11.12 Discrimination at work? A survey of 457 engineers in Canada was performed to identify the relationship of race, language proficiency, and location of training in finding work in the engineering field. In addition, each participant completed the Workplace Prejudice and Discrimination Inventory (WPDI), which is designed to measure perceptions of prejudice on the job, primarily due to race or ethnicity. The score of the WPDI ranged from 16 to 112, with higher scores indicating more perceived discrimination. The following table summarizes two multiple regression models used to predict an engineer’s WPDI score. The first explanatory variable indicates whether the engineer was foreign trained (x = 1) or locally trained (x = 0). The next set of seven variables indicate race and the last six are demographic variables.

Model 1 Model 2
Explanatory variables b s(b) b s(b)
Foreign trained 0.55 0.21 0.58 0.22
Chinese 0.06 0.24
South Asian −0.06 0.19
Black −0.03 0.52
Other Asian −0.38 0.34
Latin American 0.20 0.46
Arab 0.56 0.44
Other (not white) 0.05 0.38
Mechanical −0.19 0.25 −0.16 0.25
Other (not electrical) −0.14 0.20 −0.13 0.21
Masters/PhD 0.32 0.18 0.37 0.18
30–39 years old −0.03 0.22 −0.06 0.22
40 or older 0.32 0.25 0.25 0.26
Female −0.02 0.19 −0.05 0.19
R2 0.10 0.11
  1. (a) The F statistics for these two models are 7.12 and 3.90, respectively. What are the degrees of freedom and P-value of each statistic?

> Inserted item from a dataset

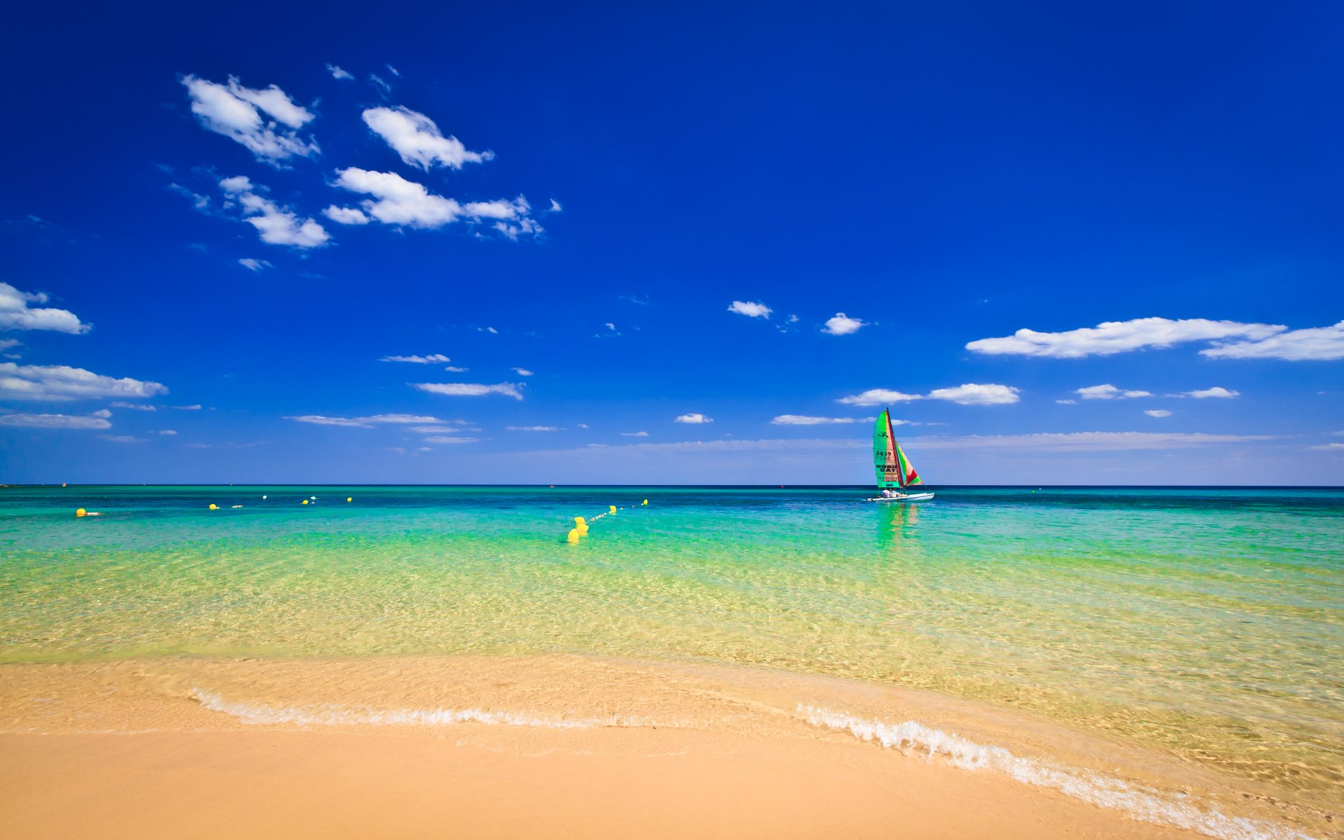 Bunte regenschirme am strand vor dem hintergrund des blauen meeresBunte Regenschirme am Strand vor dem Hintergrund des blauen Meeres

  2. (b) The F statistics for the multiple regressions are highly significant, but the R2 are relatively low. Explain to a statistical novice how this can occur.

  3. (c) Do foreign-trained engineers perceive more discrimination than do locally trained engineers? To address this, test if the first coefficient in each model is equal to zero versus the greater than alternative. Summarize your results.